Has anyone tried one of the repro hoods that are alvailable out there at Tamraz or anywhere like that? they are under $500 and supposed to be almost identical. Just curious if they are worth a shot or to keep the hunt on for a car someone is parting out or something along those lines. 

Thanks TWE


----------



## FlambeauHO (Nov 24, 2011)

Used one on my 68 from Ames and have been very pleased.


----------



## Rukee (Feb 8, 2007)

I picked one up from a local swap meet when I redid mine. Fit was/is perfect.


----------



## bondobill (Oct 24, 2011)

Well 2 out of 3 ain't bad.
Put a repro from OPGI on Brents 68 GTO.
At first glance we thought it looked very good. Fit was good but that was about it.
From about the front of the scoops back the ridge in the center of hood disappeared, the roll of the hood on the right side was almost flat, left side had the proper roll. Low spots every where, bottom bracing was broke loose from outer skin.
Around the hood scoops was the worst.
I would dare to say I had at least 40 hours of filling and blocking before it was ready for paint...and it still looks like crap.
We might of just got a bad one. Before we ordered it I called OPGI to see what the return rate was on the hoods, if I remember right they said they had not had a return with over 400 sold.
I would look harder for a O.E. hood if we had to do again, actually still have our old one and just might end up repairing it.

Bill


----------



## GoatCountry (Aug 8, 2013)

Ok so I still have my original hood as well but the guy before me put hood pins in it which I read someone said they tried filling and could still see them and also there are creases back on each side right in the middle of the hood to the point that they cracked from the bottom up on the sides and its crooked as Obamacare. Whats the odds of ever being able to fix this?


----------



## Instg8ter (Sep 28, 2010)

slim to none, hoods are very very hard to get straight in the first place, like bill said you can spend 40 hrs blocking it out and after paint and some heat cycles from driving the car the old low spots seem to show back up.


----------



## bondobill (Oct 24, 2011)

The holes would be a easy enough fix with a welder.
The cracks tho are not.
Lack of oiling the hood hinges has destroyed many a hood.
Junk it and look for another one.

Bill


----------



## garysgoats (Nov 28, 2012)

GoatCountry said:


> Has anyone tried one of the repro hoods that are alvailable out there at Tamraz or anywhere like that? they are under $500 and supposed to be almost identical. Just curious if they are worth a shot or to keep the hunt on for a car someone is parting out or something along those lines.
> 
> Thanks TWE


yes I have tried one u must buythere hood scoop insert to fit orin one wont fit and there is a low spot on each side of hood and it weighs about 15 pounds lighter than orin. after filling both spots and blocking it turned out ok


----------



## foreevergoat (Oct 24, 2011)

DON'T DO IT!!!!!!!!!!!!!!!!!!!!!!!!!! I tried one for my 65 you will need to be a master metal worker to make it look right.


----------



## plmberkevin (Aug 16, 2009)

We have one with about 20 hrs in it and still needs work.This is for a 67gto one the under side where they placed all the foam it pushed up on the skin and they are high spots.Big pile of shit but its what we have to work with.


----------



## Red1970GTO (Jun 25, 2011)

*Repop Hood*

:cool First off, let's get brand names into this discussion. Not all reproduction hoods are bad. I can personally recommend Auto Metal Direct (AMD) sheetmetal as being generally excellent. IMHO Golden Star's quality is somewhat spotty overall, as is Goodmark's quality.
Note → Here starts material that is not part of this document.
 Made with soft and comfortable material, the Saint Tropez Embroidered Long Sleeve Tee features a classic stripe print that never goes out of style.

As far as suppliers go, Tamraz's Parts Discount Warehouse was very good to me and easy to work with (when doing a Z-28 and my Chevelle -- so far I've been fortunate enough to score GM sheetmetal for my Goat Project).
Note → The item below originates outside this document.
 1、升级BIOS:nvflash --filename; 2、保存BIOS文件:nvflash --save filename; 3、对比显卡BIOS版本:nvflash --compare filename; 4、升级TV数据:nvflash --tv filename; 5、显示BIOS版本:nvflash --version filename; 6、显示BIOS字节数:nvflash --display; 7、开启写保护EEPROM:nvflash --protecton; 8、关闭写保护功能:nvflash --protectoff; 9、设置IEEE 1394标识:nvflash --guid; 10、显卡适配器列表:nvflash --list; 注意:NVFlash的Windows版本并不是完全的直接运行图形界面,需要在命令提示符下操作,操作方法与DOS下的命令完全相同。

AS GARYSGOATS stated: you can't mix and match Original Scoop and/or Ram Air Parts with Reproduction Hoods. Do your homework and ask your supplier questions.


----------



## Orion88 (Apr 24, 2012)

The 70 GTO replacement hoods are great, as are most of the repro panels for 70. Original hoods are rarely in good shape, and fixing them never lasts. The hood flexes too much to use bondo on them. It will eventually crack from the flexing. I have a repro hood on mine and it didn't need any work at all. I don't know about other years though. As long as you get your hood through Ames or OPGI or another GTO parts dealer you should be fine. I don't know about the hoods, but there's only one company that stamps the quarter panels, and I think it's the same for the fenders. Whether you buy it from Goodmark, Tamraz, Ames, etc it's likely they all get the panels from the same place.


----------